DATA SHOWN START

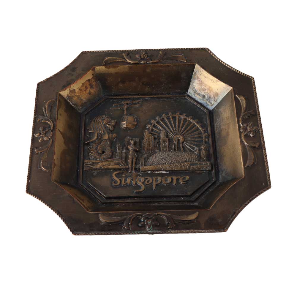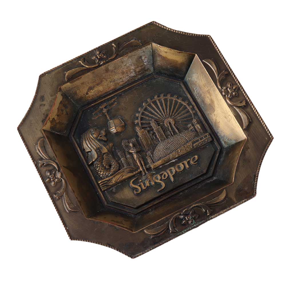 An old metal ashtray is a small receptacle, typically made of metal, used for holding cigarette or cigar ashes. They were commonly found in homes, offices, and public spaces during the 20th century, but have since fallen out of use as smoking has become less popular. Many old metal ashtrays were made of materials such as brass, aluminium, or steel and were often decorated with intricate designs or etched with logos or advertisements. Some ashtrays were also made to be portable, with a lid or carrying handle, making them easy to take on the go. However, due to the health hazards associated with smoking, the use of ashtrays has declined, and they have become more of a collectible item than a functional one.
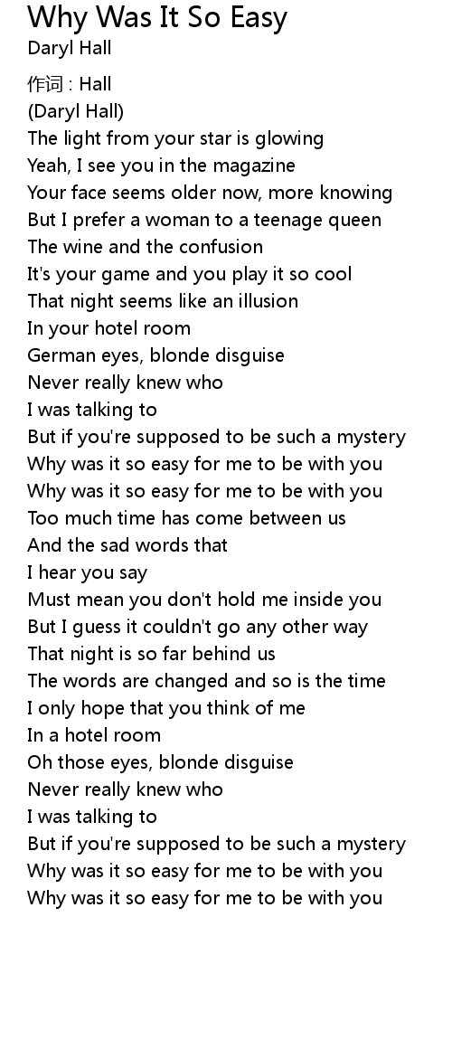 | Song | Why Was It So Easy |
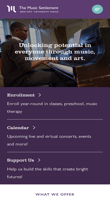 77%The Music Settlement offers music instruction, music therapy, and preschool, day school, and kindergarten in Cleveland's historic University Circle neighborhood.
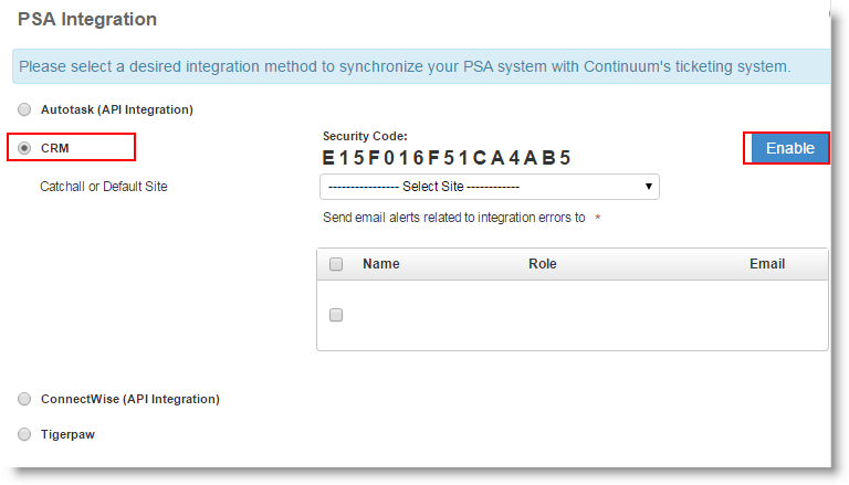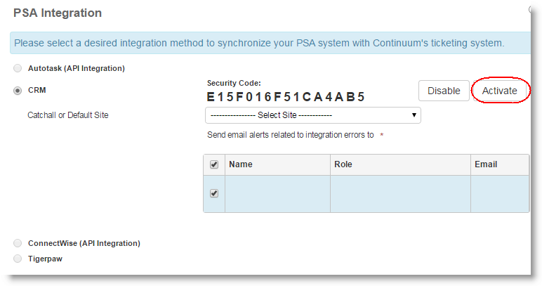 To allow CRM RMM service to connect with Continuum and sync with it, a Continuum Partner Security code (also known as PSG) is required.

DATA SHOWN END

[YOUR OBJECTIVE]: Restate the full listing word for word, excluding images.

[EXERCISE RESPONSE]:
 An old metal ashtray is a small receptacle, typically made of metal, used for holding cigarette or cigar ashes. They were commonly found in homes, offices, and public spaces during the 20th century, but have since fallen out of use as smoking has become less popular. Many old metal ashtrays were made of materials such as brass, aluminium, or steel and were often decorated with intricate designs or etched with logos or advertisements. Some ashtrays were also made to be portable, with a lid or carrying handle, making them easy to take on the go. However, due to the health hazards associated with smoking, the use of ashtrays has declined, and they have become more of a collectible item than a functional one.
 | Song | Why Was It So Easy |
 77%The Music Settlement offers music instruction, music therapy, and preschool, day school, and kindergarten in Cleveland's historic University Circle neighborhood.
 To allow CRM RMM service to connect with Continuum and sync with it, a Continuum Partner Security code (also known as PSG) is required.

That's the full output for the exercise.